PROBLEM STATEMENT =>
Every line from the top of the records below through the one containing "兵团日报全媒体记者 陈洋 邵明辉 摄" must be copied exactly, and the pictures must not be.

★ ★ ★ ★ ★

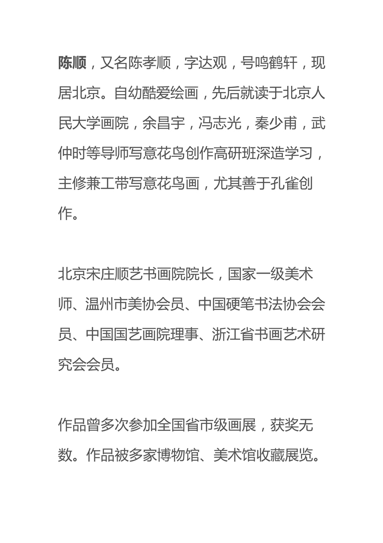 陈顺,又名陈孝顺,字达观,号鸣鹤轩,现居北京。自幼酷爱绘画,先后就读于北京人民大学画院,余昌宇,冯志光,秦少甫,武仲时等导师写意花鸟创作高研班深造学习,主修兼工带写意花鸟画,尤其善于孔雀创作。
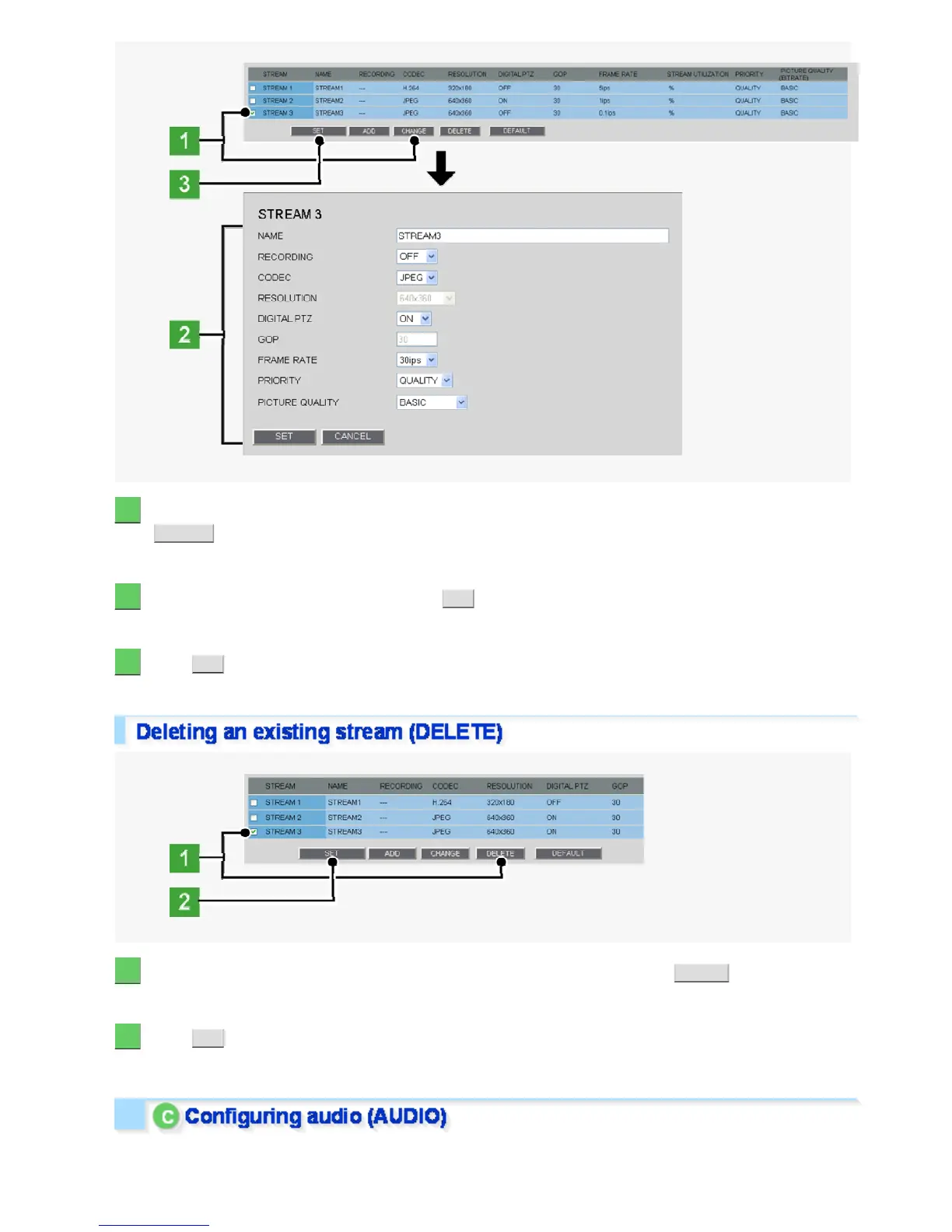 3 Click SET in the stream list.
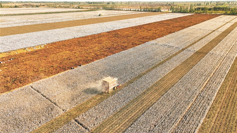 10月23日,在三师四十五团棉田里,大型采棉机采收新棉。眼下,三师图木舒克市105.78万亩棉花采收已超过七成,日采棉花2万多亩,预计10月底完成采收任务。目前,各团场、连队积极与棉花加工企业对接,开辟新棉交售绿色通道,为种植户丰产增收提供有力保障。 兵团日报全媒体记者 陈洋 邵明辉 摄
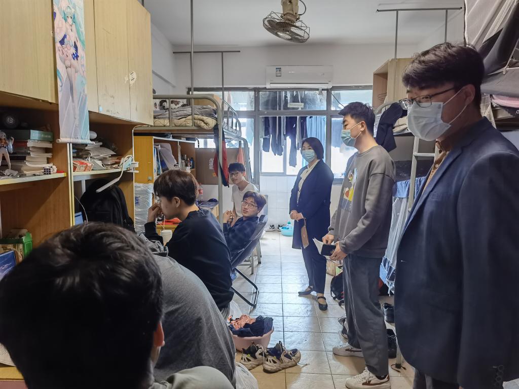 在走访学生宿舍的过程中,老师们与同学们进行亲切交流,在交流中实时掌握了学生的思想和心理动态,针对学生普遍关心的疫情防控、线下教学、进出校管理、实习就业等问题进行耐心的解答和正确的引导,切实了解到了学生的学习、生活状况。老师们还提醒学生提高安全意识,树立安全防范理念,注重宿舍安全及卫生问题,注意消毒通风,保持宿舍清洁。
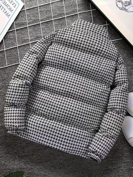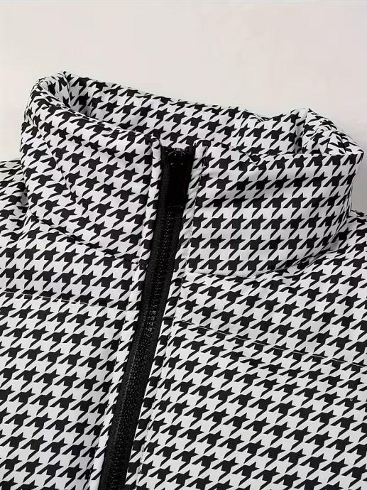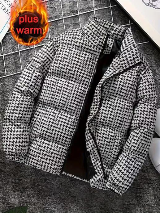 Muški teški zimski kaput - Termoizolirana jakna s patentnim zatvaračem, stojeći ovratnik, Formalna i svakodnevna odjeća za hladno vrijeme - Izdržljiva poliesterska podstava - Crna/Siva/Bijela/ - Idealno za ured, putovanja, ležerne izlaske, Zimska jakna, Uredska odjeća, Klasičan dizajn, Visokokvalitetna tkanina, Ljubitelji aktivnosti na otvorenom, Odjeća za putovanja, Uzorak pepita, Topla podstava, Avanturisti na otvorenom, Debeli,
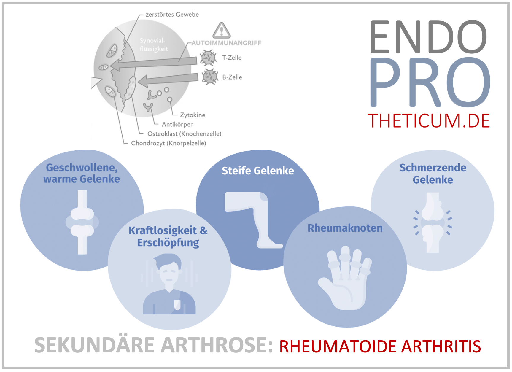 Rheumatoid arthritis is a chronic inflammatory autoimmune disease that leads to the destruction of the synovial membrane, cartilage, and bone. The persistent inflammation leads to severe joint damage over the years. This combination of inflammatory rheumatism and degenerative wear clearly distinguishes secondary osteoarthritis from classic osteoarthritis.

★ ★ ★ ★ ★

SOLUTION TO THIS TASK =>
 陈顺,又名陈孝顺,字达观,号鸣鹤轩,现居北京。自幼酷爱绘画,先后就读于北京人民大学画院,余昌宇,冯志光,秦少甫,武仲时等导师写意花鸟创作高研班深造学习,主修兼工带写意花鸟画,尤其善于孔雀创作。
 3 Click SET in the stream list.
 10月23日,在三师四十五团棉田里,大型采棉机采收新棉。眼下,三师图木舒克市105.78万亩棉花采收已超过七成,日采棉花2万多亩,预计10月底完成采收任务。目前,各团场、连队积极与棉花加工企业对接,开辟新棉交售绿色通道,为种植户丰产增收提供有力保障。 兵团日报全媒体记者 陈洋 邵明辉 摄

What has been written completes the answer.